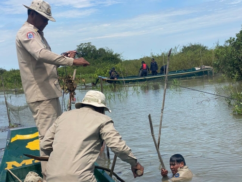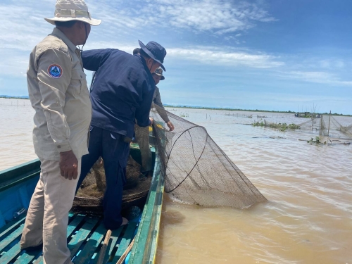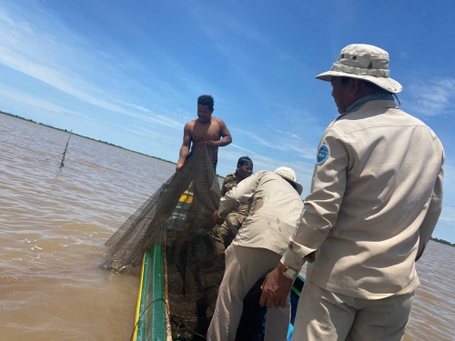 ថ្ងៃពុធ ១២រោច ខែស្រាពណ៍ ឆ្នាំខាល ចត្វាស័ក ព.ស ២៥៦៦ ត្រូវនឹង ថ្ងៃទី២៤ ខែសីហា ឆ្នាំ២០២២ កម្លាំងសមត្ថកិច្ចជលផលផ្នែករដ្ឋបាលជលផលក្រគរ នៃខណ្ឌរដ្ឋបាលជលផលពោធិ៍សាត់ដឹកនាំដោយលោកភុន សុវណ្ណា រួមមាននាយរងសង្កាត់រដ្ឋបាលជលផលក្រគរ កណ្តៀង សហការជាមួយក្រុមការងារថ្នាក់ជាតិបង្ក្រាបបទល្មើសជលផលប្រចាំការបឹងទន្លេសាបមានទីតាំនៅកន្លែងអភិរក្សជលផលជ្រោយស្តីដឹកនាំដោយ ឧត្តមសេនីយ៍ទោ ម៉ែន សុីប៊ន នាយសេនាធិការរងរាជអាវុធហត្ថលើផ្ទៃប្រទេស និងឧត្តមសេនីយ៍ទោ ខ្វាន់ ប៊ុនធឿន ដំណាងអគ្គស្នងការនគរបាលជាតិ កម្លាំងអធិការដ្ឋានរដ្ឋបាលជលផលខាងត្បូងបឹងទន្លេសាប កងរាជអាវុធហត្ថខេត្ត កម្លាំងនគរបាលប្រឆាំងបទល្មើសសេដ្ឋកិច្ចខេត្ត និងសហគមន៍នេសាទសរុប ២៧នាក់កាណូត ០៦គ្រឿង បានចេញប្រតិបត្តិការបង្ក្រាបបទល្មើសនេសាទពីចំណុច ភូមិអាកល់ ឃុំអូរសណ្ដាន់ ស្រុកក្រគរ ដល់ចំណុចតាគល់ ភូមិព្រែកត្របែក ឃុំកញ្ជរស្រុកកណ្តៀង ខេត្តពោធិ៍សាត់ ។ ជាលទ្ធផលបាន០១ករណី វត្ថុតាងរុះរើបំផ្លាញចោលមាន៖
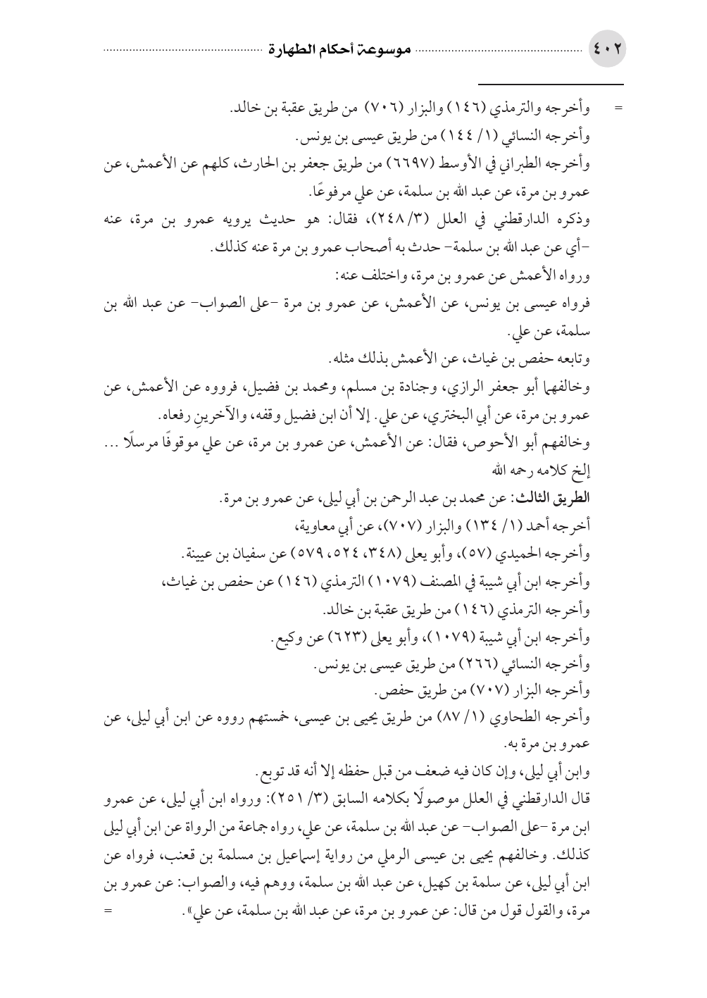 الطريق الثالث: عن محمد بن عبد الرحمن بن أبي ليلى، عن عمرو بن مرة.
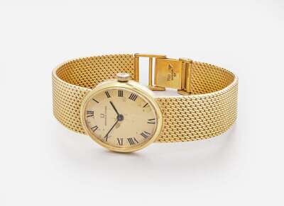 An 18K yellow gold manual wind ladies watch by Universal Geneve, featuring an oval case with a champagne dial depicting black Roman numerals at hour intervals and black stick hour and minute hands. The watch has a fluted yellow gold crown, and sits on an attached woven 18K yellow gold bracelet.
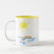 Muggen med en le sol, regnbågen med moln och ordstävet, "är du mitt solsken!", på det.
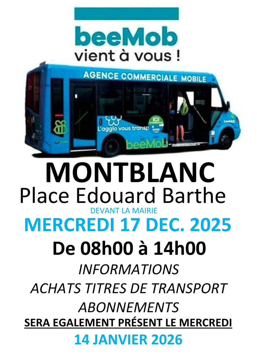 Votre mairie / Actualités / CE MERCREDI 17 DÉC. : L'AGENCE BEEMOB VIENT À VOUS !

## What this task involves
The material above is to be repeated word for word, with no images kept.

## Exercise output
 ថ្ងៃពុធ ១២រោច ខែស្រាពណ៍ ឆ្នាំខាល ចត្វាស័ក ព.ស ២៥៦៦ ត្រូវនឹង ថ្ងៃទី២៤ ខែសីហា ឆ្នាំ២០២២ កម្លាំងសមត្ថកិច្ចជលផលផ្នែករដ្ឋបាលជលផលក្រគរ នៃខណ្ឌរដ្ឋបាលជលផលពោធិ៍សាត់ដឹកនាំដោយលោកភុន សុវណ្ណា រួមមាននាយរងសង្កាត់រដ្ឋបាលជលផលក្រគរ កណ្តៀង សហការជាមួយក្រុមការងារថ្នាក់ជាតិបង្ក្រាបបទល្មើសជលផលប្រចាំការបឹងទន្លេសាបមានទីតាំនៅកន្លែងអភិរក្សជលផលជ្រោយស្តីដឹកនាំដោយ ឧត្តមសេនីយ៍ទោ ម៉ែន សុីប៊ន នាយសេនាធិការរងរាជអាវុធហត្ថលើផ្ទៃប្រទេស និងឧត្តមសេនីយ៍ទោ ខ្វាន់ ប៊ុនធឿន ដំណាងអគ្គស្នងការនគរបាលជាតិ កម្លាំងអធិការដ្ឋានរដ្ឋបាលជលផលខាងត្បូងបឹងទន្លេសាប កងរាជអាវុធហត្ថខេត្ត កម្លាំងនគរបាលប្រឆាំងបទល្មើសសេដ្ឋកិច្ចខេត្ត និងសហគមន៍នេសាទសរុប ២៧នាក់កាណូត ០៦គ្រឿង បានចេញប្រតិបត្តិការបង្ក្រាបបទល្មើសនេសាទពីចំណុច ភូមិអាកល់ ឃុំអូរសណ្ដាន់ ស្រុកក្រគរ ដល់ចំណុចតាគល់ ភូមិព្រែកត្របែក ឃុំកញ្ជរស្រុកកណ្តៀង ខេត្តពោធិ៍សាត់ ។ ជាលទ្ធផលបាន០១ករណី វត្ថុតាងរុះរើបំផ្លាញចោលមាន៖
 الطريق الثالث: عن محمد بن عبد الرحمن بن أبي ليلى، عن عمرو بن مرة.
 An 18K yellow gold manual wind ladies watch by Universal Geneve, featuring an oval case with a champagne dial depicting black Roman numerals at hour intervals and black stick hour and minute hands. The watch has a fluted yellow gold crown, and sits on an attached woven 18K yellow gold bracelet.
 Muggen med en le sol, regnbågen med moln och ordstävet, "är du mitt solsken!", på det.
 Votre mairie / Actualités / CE MERCREDI 17 DÉC. : L'AGENCE BEEMOB VIENT À VOUS !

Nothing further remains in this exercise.